(INFORMATION SHOWN begins)
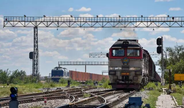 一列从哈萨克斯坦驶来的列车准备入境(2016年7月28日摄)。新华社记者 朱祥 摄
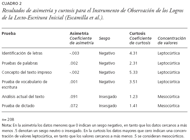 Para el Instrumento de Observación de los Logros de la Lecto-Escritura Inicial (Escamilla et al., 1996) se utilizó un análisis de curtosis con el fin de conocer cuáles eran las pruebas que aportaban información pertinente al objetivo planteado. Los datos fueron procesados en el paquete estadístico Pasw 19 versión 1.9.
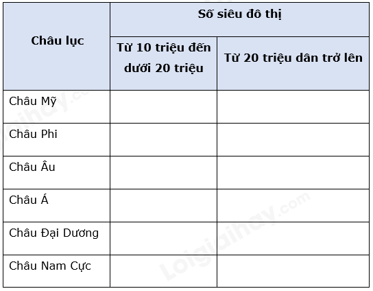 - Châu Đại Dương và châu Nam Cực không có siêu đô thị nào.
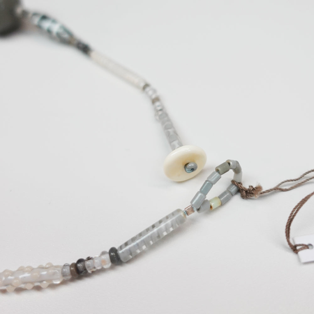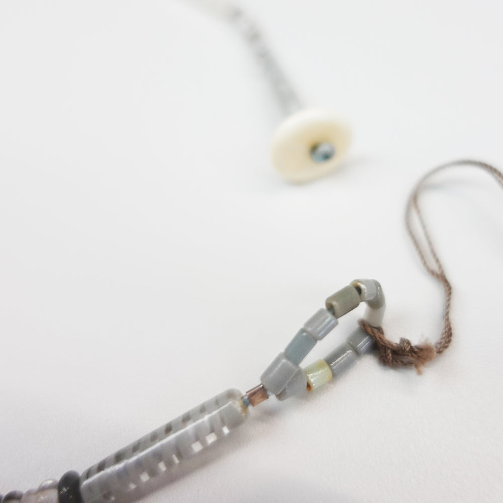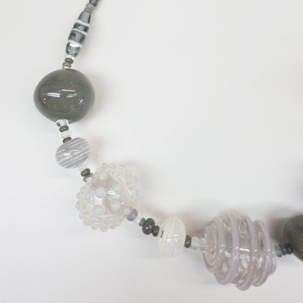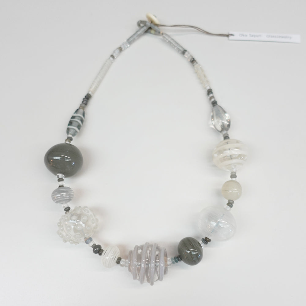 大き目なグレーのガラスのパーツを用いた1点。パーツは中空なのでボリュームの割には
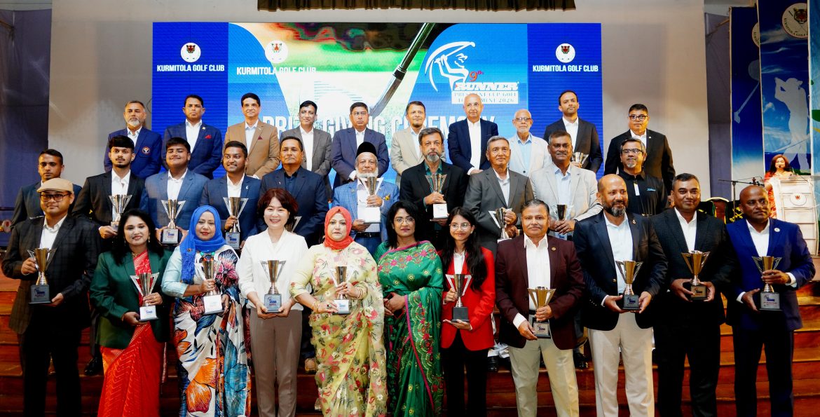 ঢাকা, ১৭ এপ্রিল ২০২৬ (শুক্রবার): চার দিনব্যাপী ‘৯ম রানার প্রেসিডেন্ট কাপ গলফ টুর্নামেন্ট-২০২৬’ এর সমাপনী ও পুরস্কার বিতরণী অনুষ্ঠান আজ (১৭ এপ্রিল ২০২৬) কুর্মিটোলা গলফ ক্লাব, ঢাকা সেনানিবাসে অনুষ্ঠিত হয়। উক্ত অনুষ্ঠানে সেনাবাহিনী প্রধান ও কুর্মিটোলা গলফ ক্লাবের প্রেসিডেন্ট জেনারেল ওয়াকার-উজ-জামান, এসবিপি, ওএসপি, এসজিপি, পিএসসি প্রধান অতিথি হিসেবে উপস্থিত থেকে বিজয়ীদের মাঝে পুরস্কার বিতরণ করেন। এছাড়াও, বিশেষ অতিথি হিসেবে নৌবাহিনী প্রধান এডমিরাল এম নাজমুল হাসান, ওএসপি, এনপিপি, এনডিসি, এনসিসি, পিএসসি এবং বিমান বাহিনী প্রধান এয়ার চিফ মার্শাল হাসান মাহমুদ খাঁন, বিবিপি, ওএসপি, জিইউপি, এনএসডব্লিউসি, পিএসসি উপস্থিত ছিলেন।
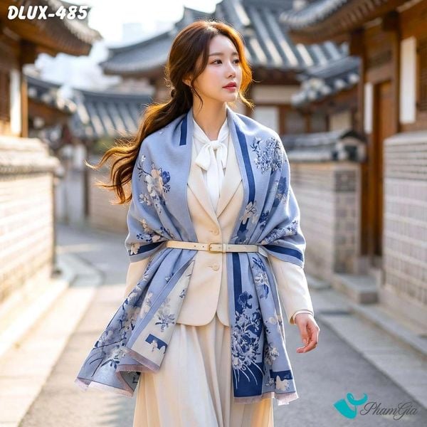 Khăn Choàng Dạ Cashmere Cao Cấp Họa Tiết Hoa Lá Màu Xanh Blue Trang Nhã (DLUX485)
(INFORMATION SHOWN ends)
(INFORMATION SHOWN begins)
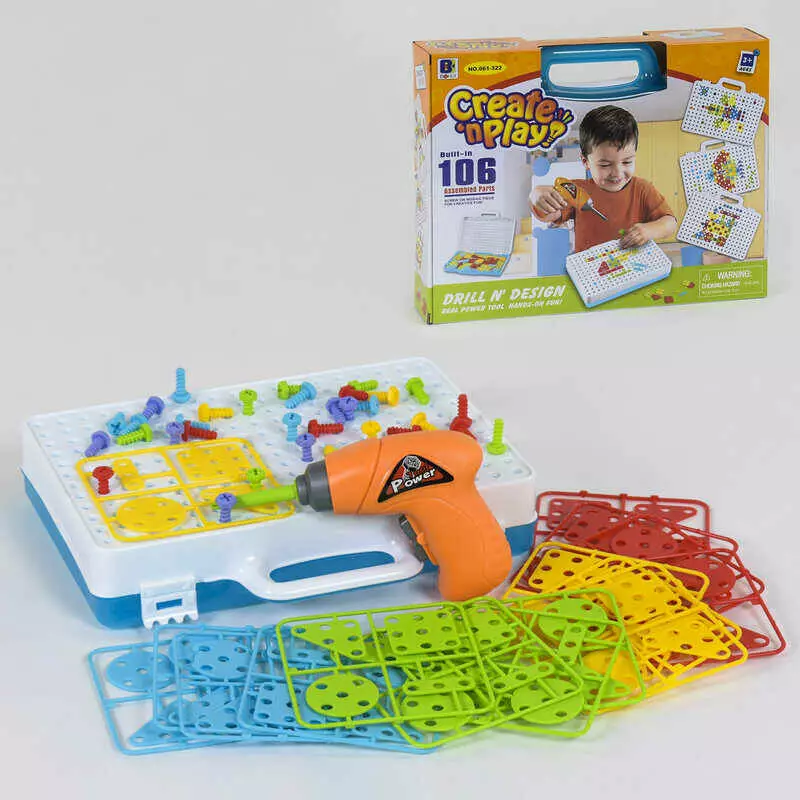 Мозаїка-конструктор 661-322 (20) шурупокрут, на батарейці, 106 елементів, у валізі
(INFORMATION SHOWN ends)
YOUR ASSIGNMENT -
Pictures aside, print exactly the lines above starting with the one containing "一列从哈萨克斯坦驶来的列车准备入境(2016年7月28日摄)。新华社记者 朱祥 摄" and going on through the one containing "大き目なグレーのガラスのパー".

SOLUTION FOR THIS TASK -
 一列从哈萨克斯坦驶来的列车准备入境(2016年7月28日摄)。新华社记者 朱祥 摄
 Para el Instrumento de Observación de los Logros de la Lecto-Escritura Inicial (Escamilla et al., 1996) se utilizó un análisis de curtosis con el fin de conocer cuáles eran las pruebas que aportaban información pertinente al objetivo planteado. Los datos fueron procesados en el paquete estadístico Pasw 19 versión 1.9.
 - Châu Đại Dương và châu Nam Cực không có siêu đô thị nào.
 大き目なグレーのガラスのパーツを用いた1点。パーツは中空なのでボリュームの割には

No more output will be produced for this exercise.